Crude Oil: is in a multi-year-long bull market and WTI is likely to trade over $70 a barrel in 2019 and over $80 in 2020. The “oil glut” has disappeared, with OECD oil inventories falling by the fastest pace in history (334 million barrel surplus in January 2017 to a 20 million barrel deficit in March 2018), indicating an undersupplied market. With oil demand growth of about 1.8 million barrels per day this year and OPEC’s continued strong compliance to its production cut, we see inventories continuing to fall and reaching a 10-year low by year-end.
Looking to 2019 and beyond, even with the full amount of OPEC shut-in production returning to the market, we see inventories continuing to fall in the coming years with spending, labour, equipment and pipeline constraints on U.S. production and non-U.S., non-OPEC production about to enter into a multi-year decline. Eventually the oil price will have to rise high enough to rationalize demand in order to find balance, as the four to six-year lead time on large-scale mega projects prevents the industry from reacting quickly enough to any price spike or supply interruption. While the U.S. is good, it isn't good enough to meet global demand growth and offset the impact of non-U.S., non-OPEC production declines, with OPEC having limited ability to grow for the next several years due to underinvestment.

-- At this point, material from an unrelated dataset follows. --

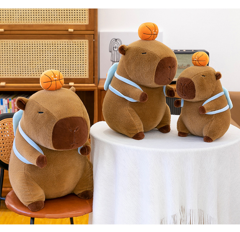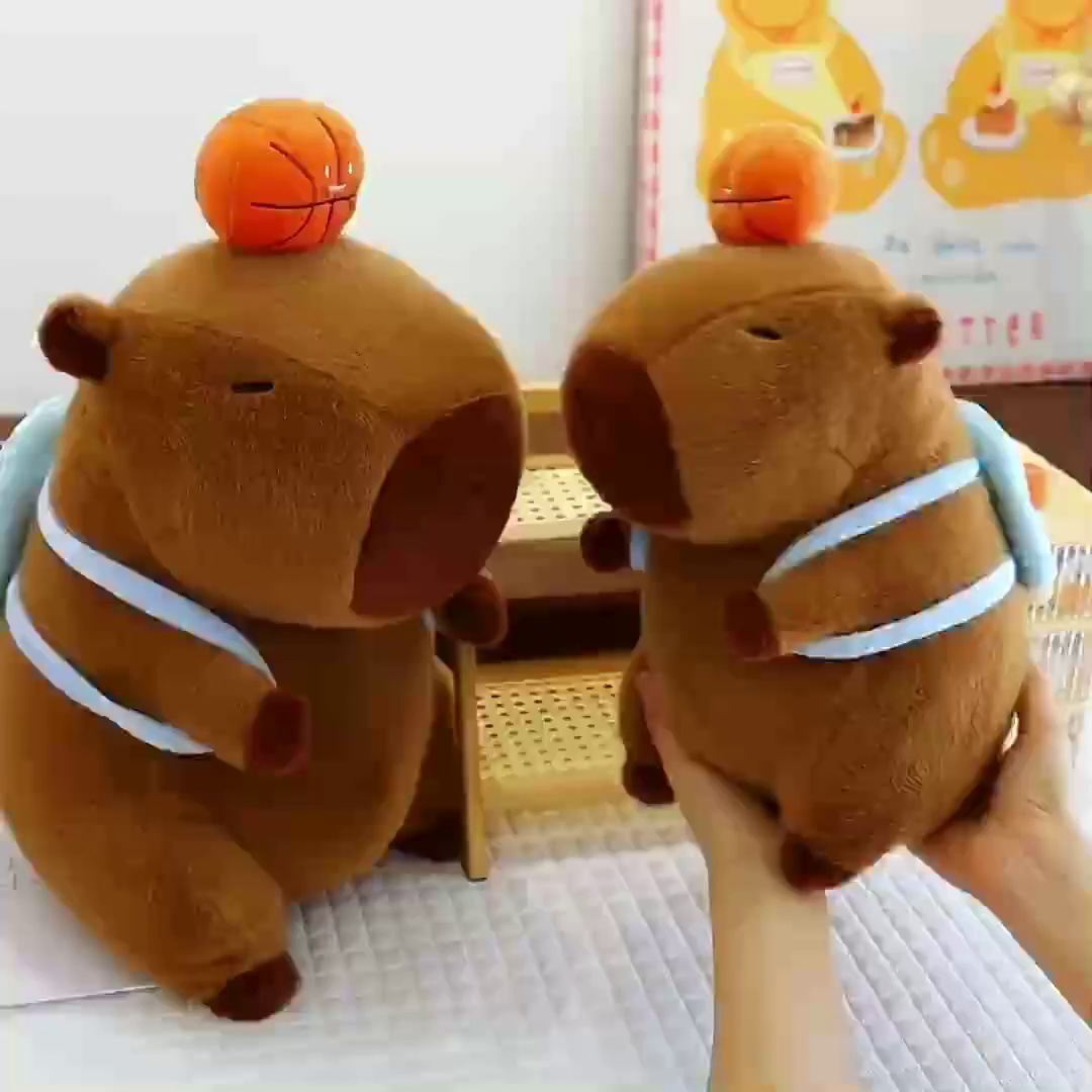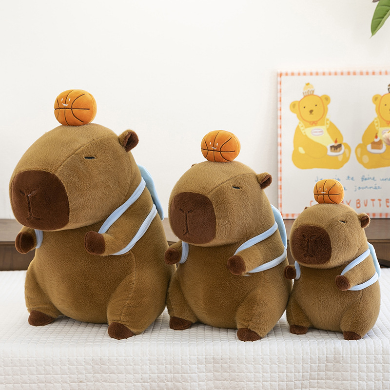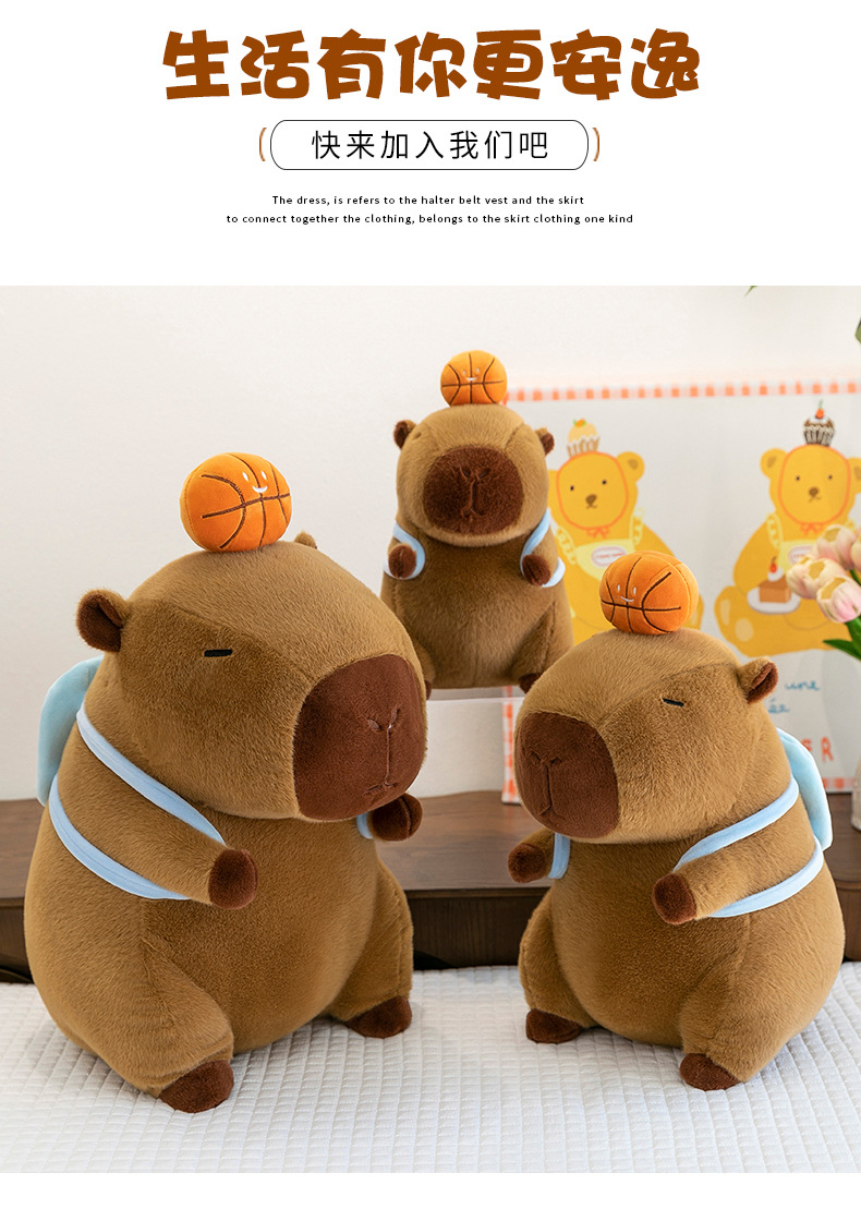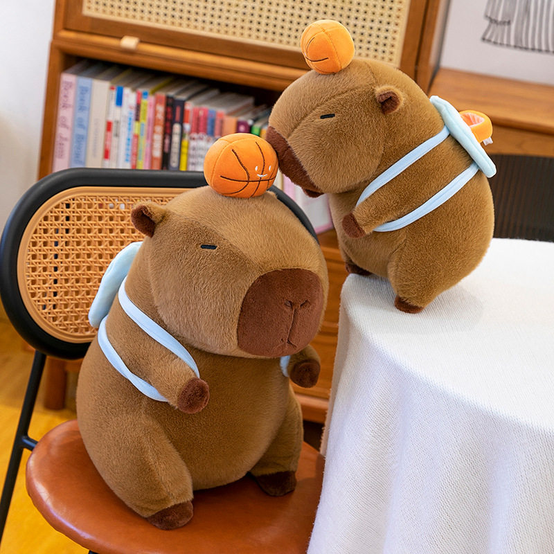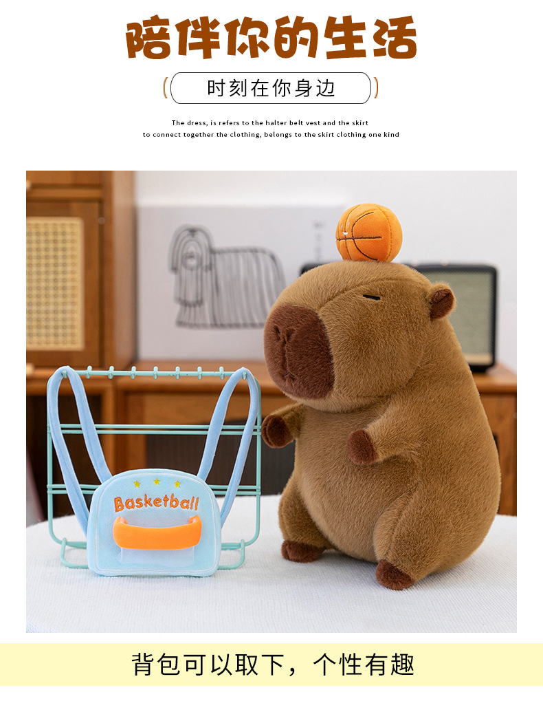 新款篮球背包水豚玩偶毛绒玩具创意卡皮巴拉背包公仔布偶娃娃礼物

While sentiment remains close to all-time historic lows, there are signs of optimism emerging. The energy market has begun to outperform the broader market even on days when oil is down. Strategists are upgrading the sector and corporate M&A has begun. We see the potential to make over 100 per cent on many situations. The risk versus reward in the energy sector has never been better in my 15-year career.